09Is DHAI or MBOT or BWAY or LFMD or ENVA better for a retirement portfolio?
For long-horizon retirement investors, DIH Holding US, Inc.
(DHAI) is the stronger choice — it scores higher on the combination of lower volatility, dividend reliability, and long-term compounding (low volatility (β -1. 13)). Microbot Medical Inc. (MBOT) carries a higher beta of 1. 85 — meaning larger drawdowns in market downturns, which matters significantly when you cannot wait years for a recovery. Both have compounded well over 10 years (DHAI: -99. 9%, MBOT: -99. 4%), confirming both are viable long-term holds — but the lower-volatility option typically results in less emotional selling during corrections. Retirement portfolios generally favour predictability over maximum returns. Consult a financial advisor before making allocation decisions.

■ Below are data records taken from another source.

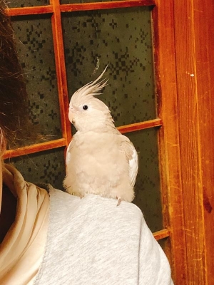 とてもおっとりした子で臆病です。大きい物音や突然手を出したりするとびっくりして飛んで行ってしまいます。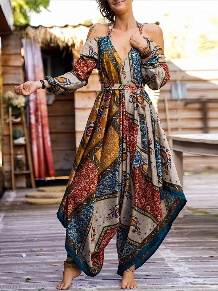 Women’s Sling Jumpsuit 2025 Vintage Ethnic Printing Jumpsuit Long Sleeve Harlan Long Pocket Wide Leg Pants Combination Plus Size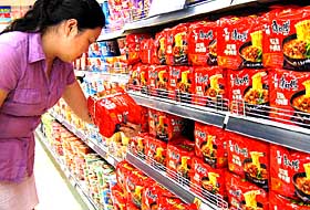 | 顧客在超市內(nèi)選購方便面。本報記者 陳飛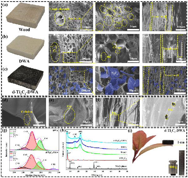 图3. d-Ti3C2、DWA、d-Ti3C2-DWA的微观表征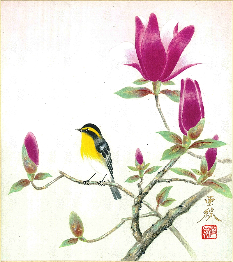 色紙(春)林 亜綜作画「木蓮」 色紙寸法24.2X27.2cm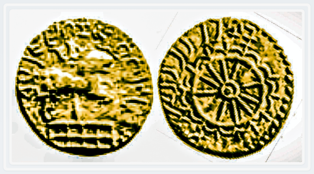 Pic2-Mauryan punch-marked coin with three deities 4th-2nd century BCE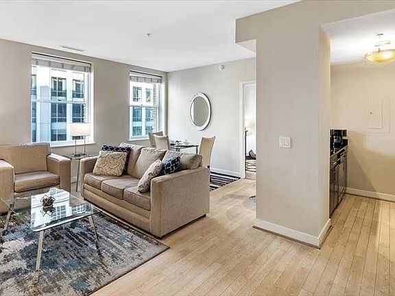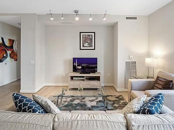 Experience luxury living just steps away from the White House in this elegant apartment located in the DC Financial District. With designer kitchens, hardwood floors, and premium furnishings, this apartment offers a sophisticated lifestyle. Enjoy the convenience of an in-unit washer/dryer and the stunning rooftop terrace, all while being just a block from the White House and the U.S. Treasury building. This apartment is designed for both comfort and convenience, featuring limed oak flooring, granite countertops, high ceilings, and large windows with beautiful city views. The fully equipped kitchen includes GE stainless steel appliances and granite countertops, while the living space is furnished with premium bedding, towels, cable TV, and Wi-Fi. The building offers a range of amenities including a business center, fitness center, and a penthouse clubroom with a demo kitchen. The rooftop terrace provides stunning views of the Monument and is equipped with Wi-Fi. Pet-friendly policies allow you to bring your furry friends along. Perfectly positioned to explore the DC Financial District, this apartment is just across the street from the Metro station, offering easy access to world-class museums, galleries, theaters, and entertainment. The National Mall and other iconic landmarks are just steps away, making it an ideal location for experiencing the best of Washington, D.C. The rooftop terrace closes at 11 PM. Check-in is available after 4 PM and checkout is at 11 AM. Self-check-in is facilitated with building staff, ensuring a smooth arrival and departure process. The apartment includes a sleeper sofa in the living room.
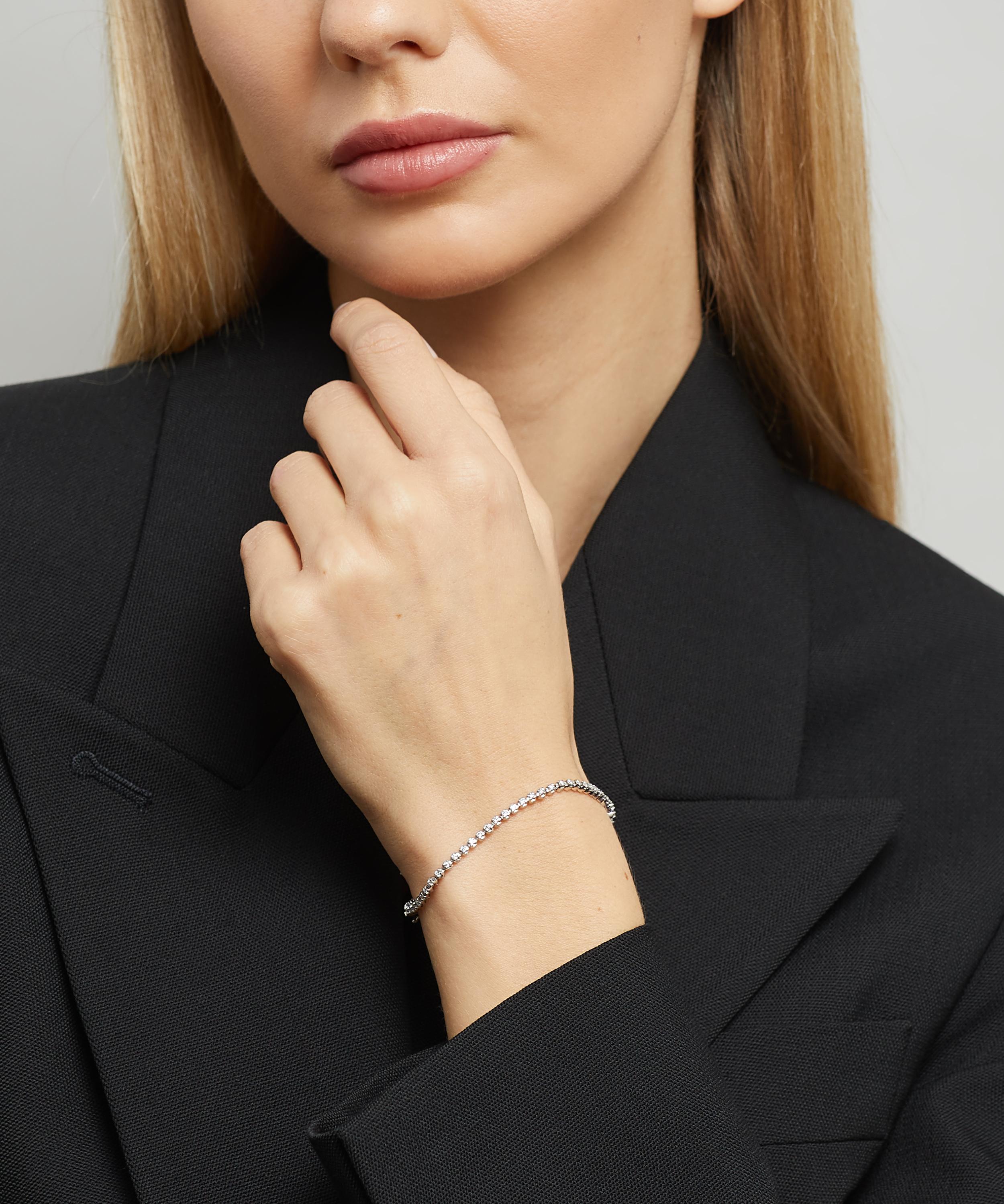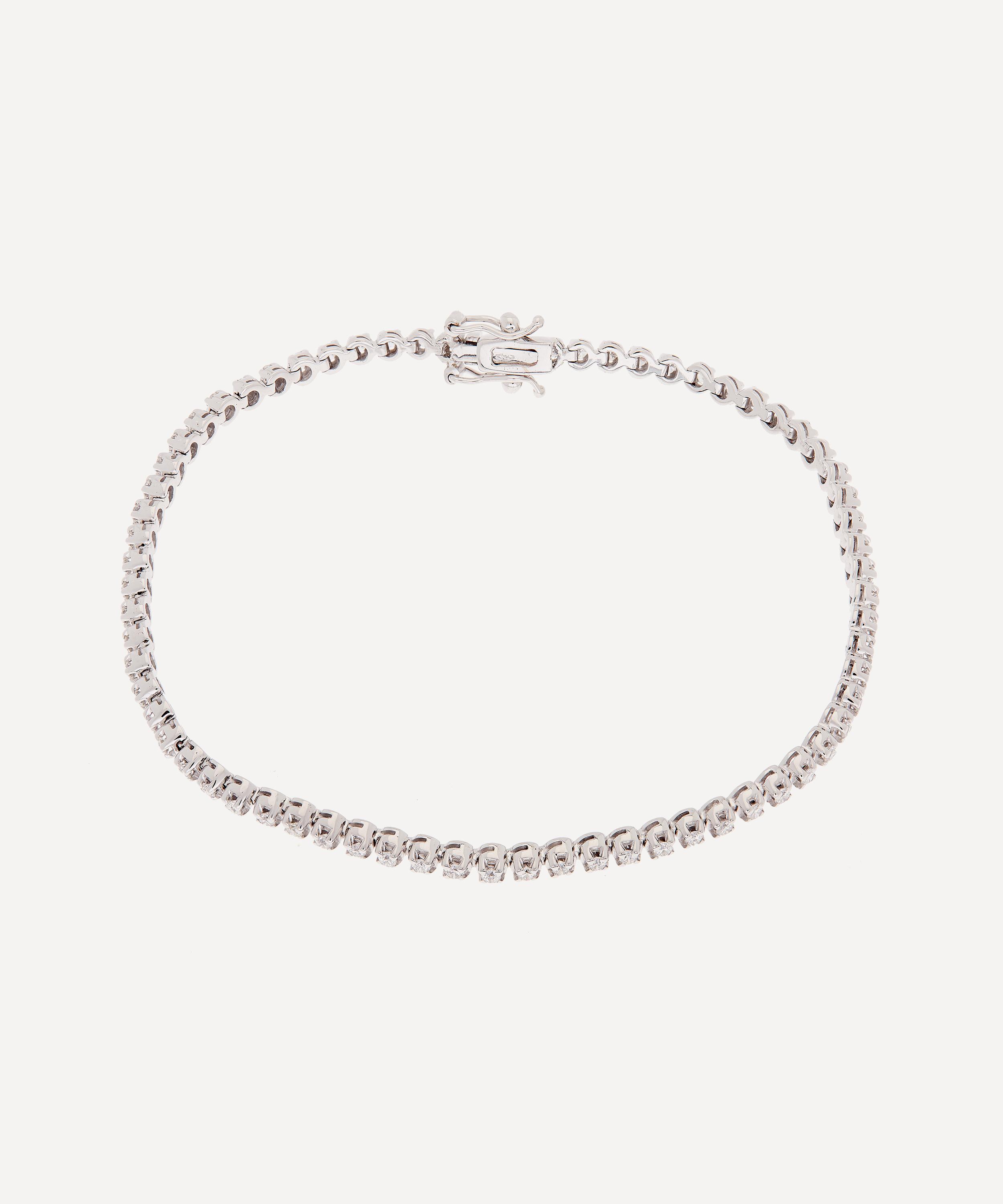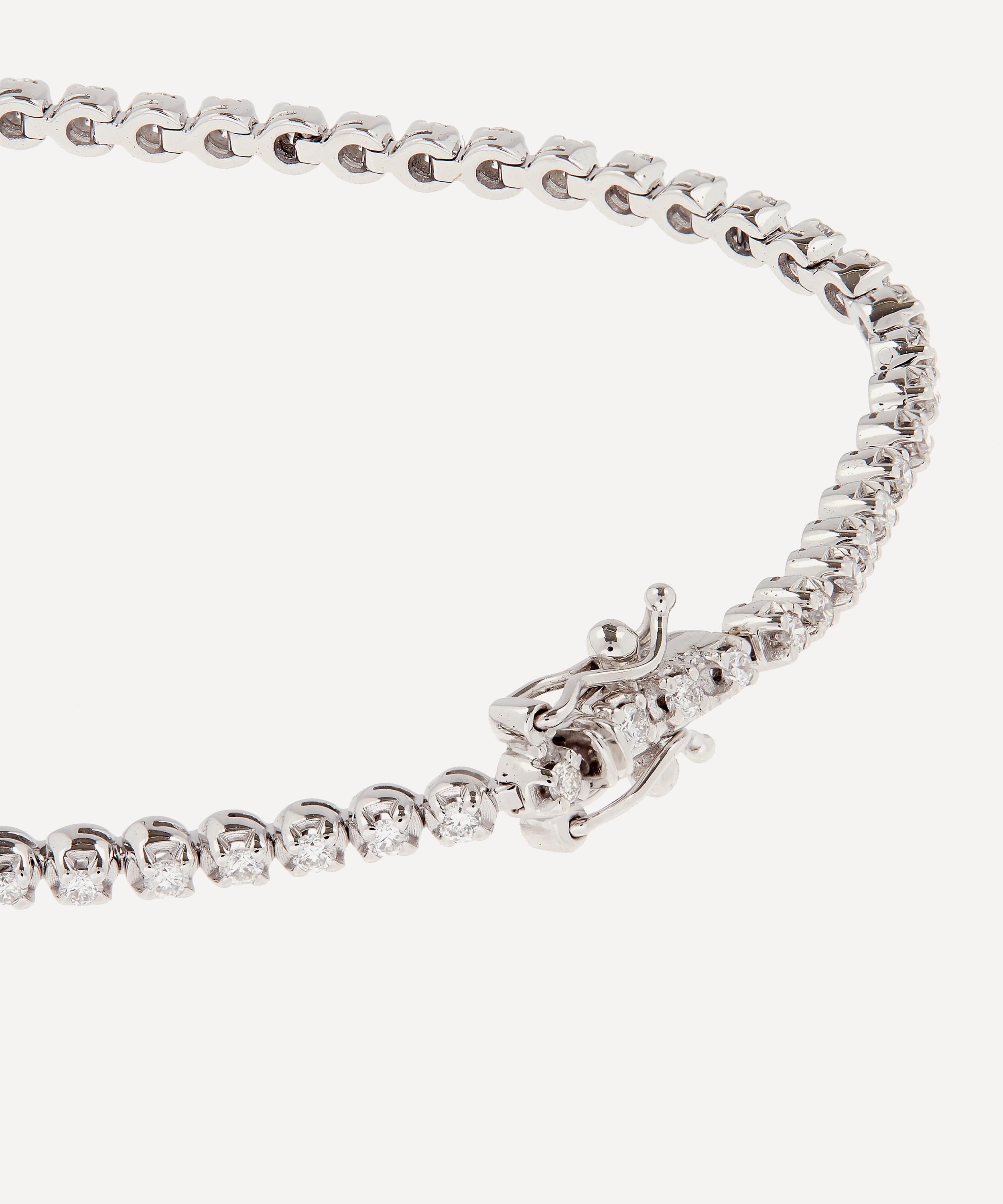 Available in 18 carat gold or white gold, this bracelet is formed of a seamless string of round, brilliant cut white diamonds with a minimum weight of 1 carat - each presented in a miniature claw setting. An elegant example of classic modern jewellery, wear this piece alone to fully showcase the unique design, or incorporate it into a maximalist curation of bejewelled gold bracelets for a custom, contemporary approach.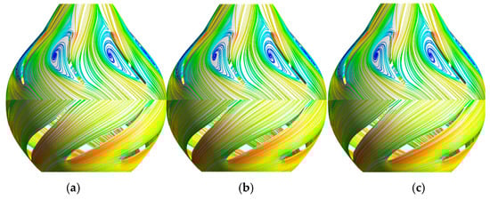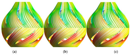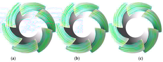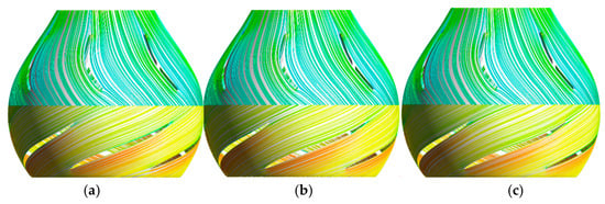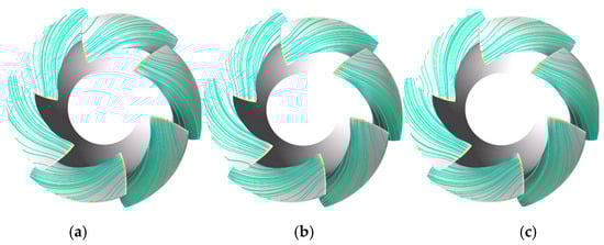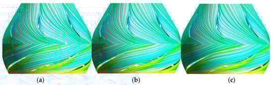 Streamlines on the turbo surface TS3 of condition A (best efficiency point). (a) 0. (b) 1/3T. (c) 2/3T.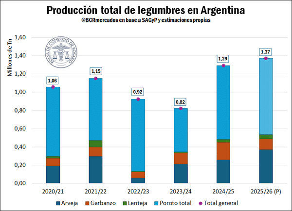 El sector de legumbres argentino atraviesa un momento de fuerte expansión productiva. Para la campaña 2025/26, la producción nacional podría alcanzar 1,37 millones de toneladas, el mayor volumen registrado al menos en los últimos cinco años.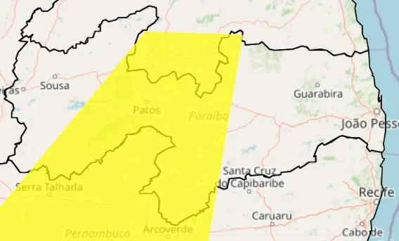 O Inmet também recomenda que, em caso de necessidade, a população busque informações junto à Defesa Civil, pelo telefone 199, ou ao Corpo de Bombeiros, pelo número 193. O alerta atinge regiões do Sertão Paraibano, Agreste Paraibano e Borborema.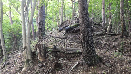林業が行われている斜面を登って行き、尾根にでたところは 広々としたところだった。 |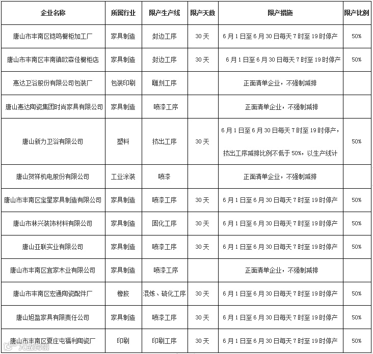 6月3日,唐山丰南区官网发布6月份空气质量强化管控期间停限产调度安排表,涉及建材、卫浴、陶瓷、家具制造、钢铁、冶金、焦化、塑料、化工等行业的企业230家。其中,唐山新力卫浴有限公司的挤出工序从6月1日至6月30日每天7时至19时被要求停产,限制时间达30天,限产比例为50%。(来源:厨卫资讯)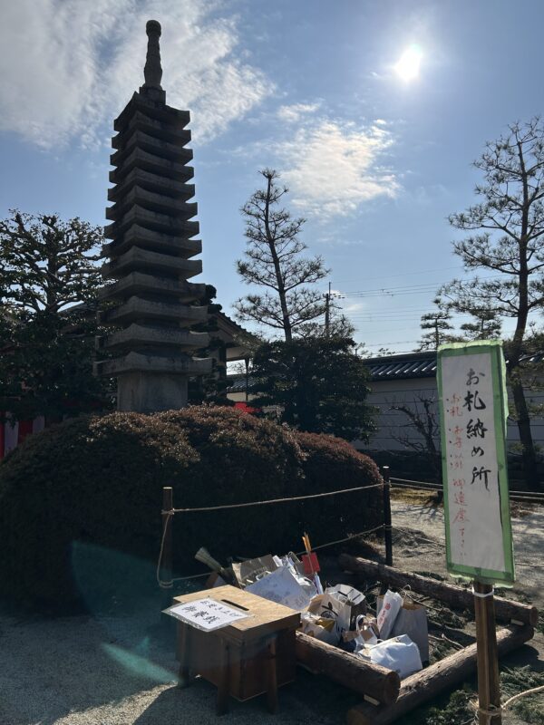 Inside the main hall, powerful-looking Buddhist statues, including a statue of Fudō Myōō, lined the space. The largest daikon radish I had ever seen was on display as an offering, alongside apples and mandarin oranges.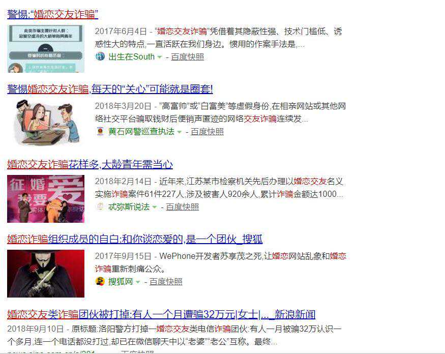 网络搜索“婚恋”、“诈骗”结果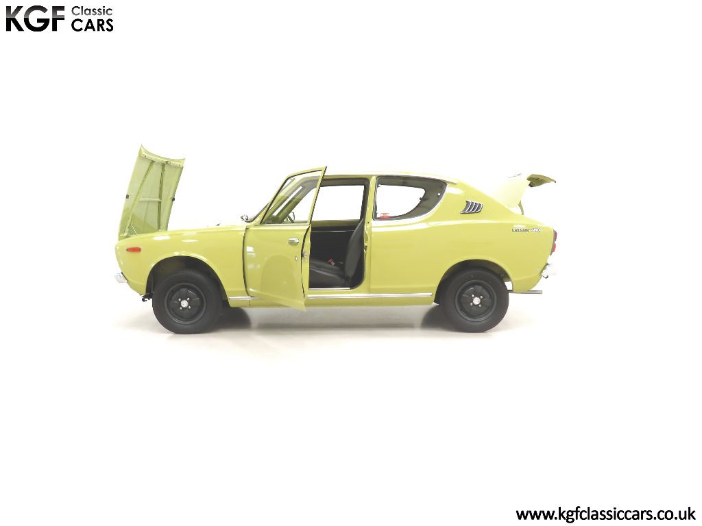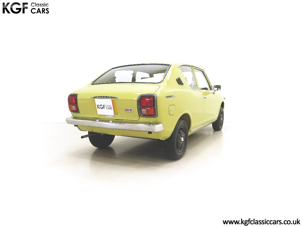 A surprisingly spacious small car that is low, lean and cute! What is more surprising however is the outstanding factory-built originality of this UK example. All pin straight panels, rubbers, chrome, trim, lights and glass are factory fitted. This survivor is finished in glossy Datsun Lime Yellow, (Code 353), and has no shade difference between panels. Due to the cars originality, each panel will have honest paint imperfections from tiny spidering to touched-in blebs, left entirely to cement how unique this unicorn is amongst a handful of restored survivors remaining. The rear quarter rubber bungs inserted from new where different longer bumpers fitted to non UK cars would normally be fitted, remain. All badges are correct and bright and even the wiper arms are still Mitsuba items. The excess glue applied on the production line to stick the window rubbers has now browned, but again, has been left to confirm authenticity. Recently discovered garaged at its first owners home means that the underside, wheel arch apertures and all shuts are in remarkable condition. The supplying dealer tax disc holder is still fitted to the front screen along with period correct number plates. It will be a further surprise if a more perfect, untouched, unrestored and factory correct example exists……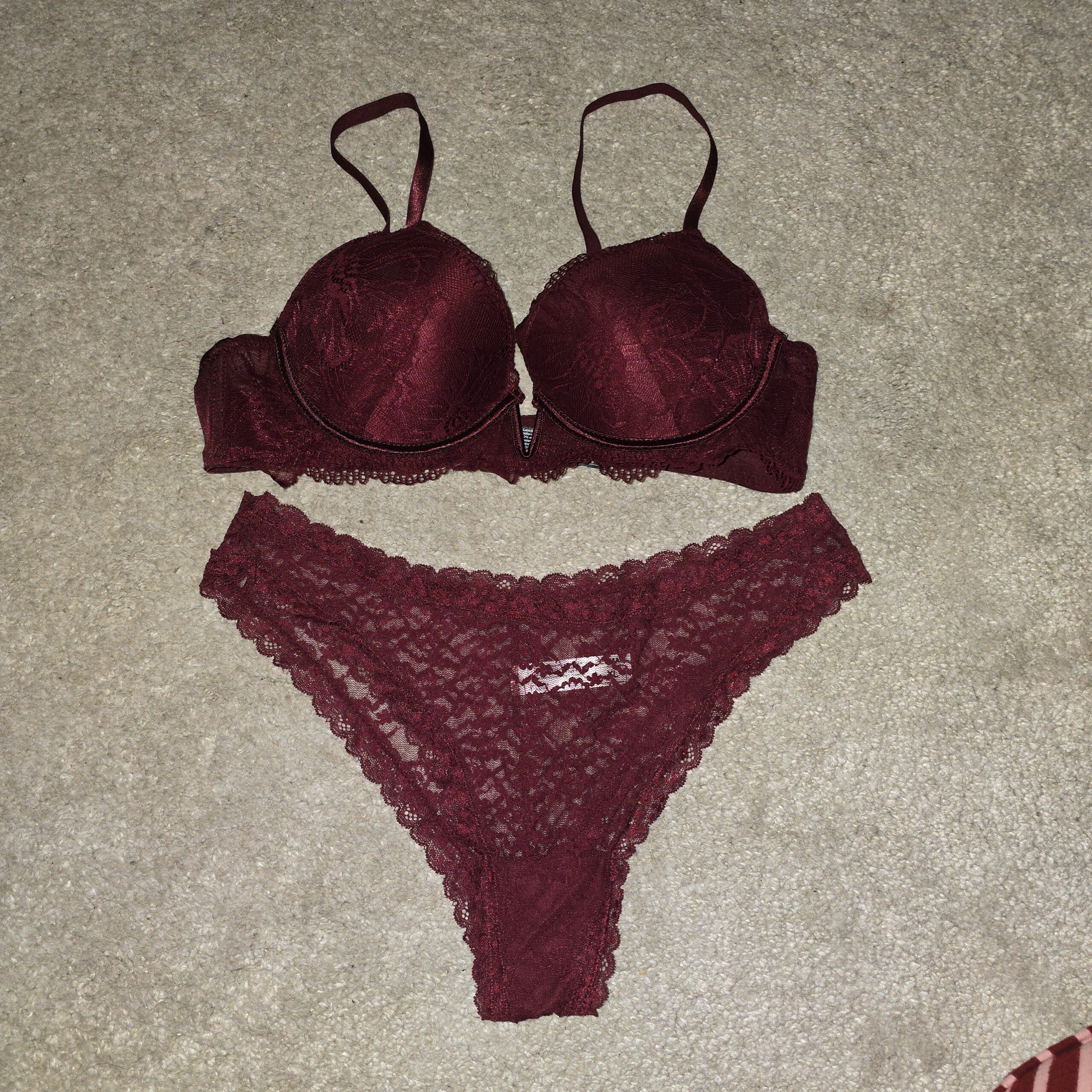 Sexy setje met bh net diepe uitsnede voor en kanten details. Met doorschijnende slip en katoenen kruisje.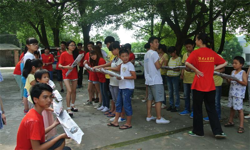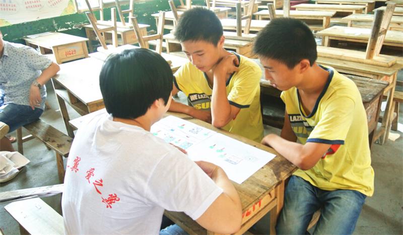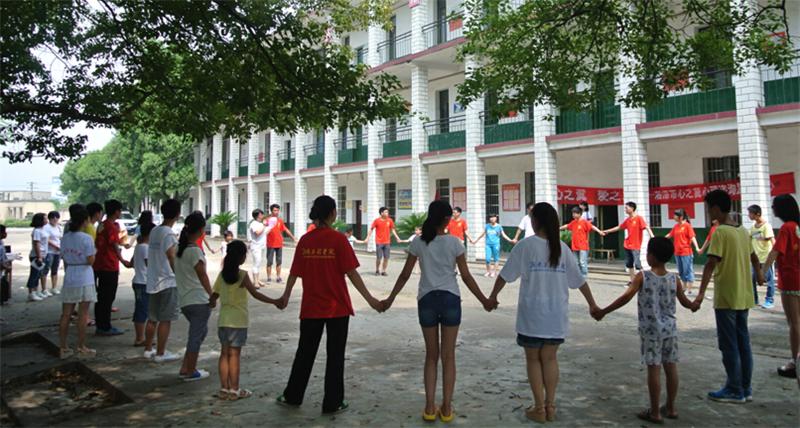 首先是名字接龙,让大家在投入游戏中记住小朋友名字的同时也活跃着气氛,带动着孩子们思维的跳跃。其次是通过报纸传递乒乓球的“爱心接力”活动,老师、志愿者和孩子们分成三组,一同比赛,考验团队合作精神的时候到了。不让大家失望,我们的大孩子与小朋友们,都互相照顾,互相努力,最终胜负难辨。再次是传递气球的游戏。四十几个人,手拉手围成一个大圈,每个人都必须碰到气球。老师说开始,20秒、10秒、1秒之内传完,第一、二轮大家都顺利完成,第三轮老师说,一秒之内完成,正当大家惊讶地将嘴巴变成O型时,聪明的孩子想出来办法,最终漂亮结束游戏。最后,心理专家将孩子们召集到教室,要每个孩子自由发挥,画出一副画里有树、房子、人的图画。然后根据他们所画的画了解他们的心理状况,相应的进行一对一的开导,打开他们真正的内心世界。同时,beat365官网的“三下乡”志愿者给孩子们赠送学习用品。

10What are the main differences between DHAI and MBOT and BWAY and LFMD and ENVA?
These companies operate in different sectors (DHAI (Healthcare) and MBOT (Healthcare) and BWAY (Healthcare) and LFMD (Healthcare) and ENVA (Financial Services)), which means they face different economic cycles, regulatory environments, and macro sensitivities — making direct comparison nuanced.
In terms of investment character: DHAI is a small-cap quality compounder stock; MBOT is a small-cap quality compounder stock; BWAY is a small-cap high-growth stock; LFMD is a small-cap quality compounder stock; ENVA is a small-cap high-growth stock. LFMD pays a dividend while DHAI, MBOT, BWAY, ENVA do not, making them suitable for different income and tax situations. These fundamental differences mean investors should not choose between them on a single metric — the "better stock" depends entirely on which of these characteristics aligns with your investment strategy.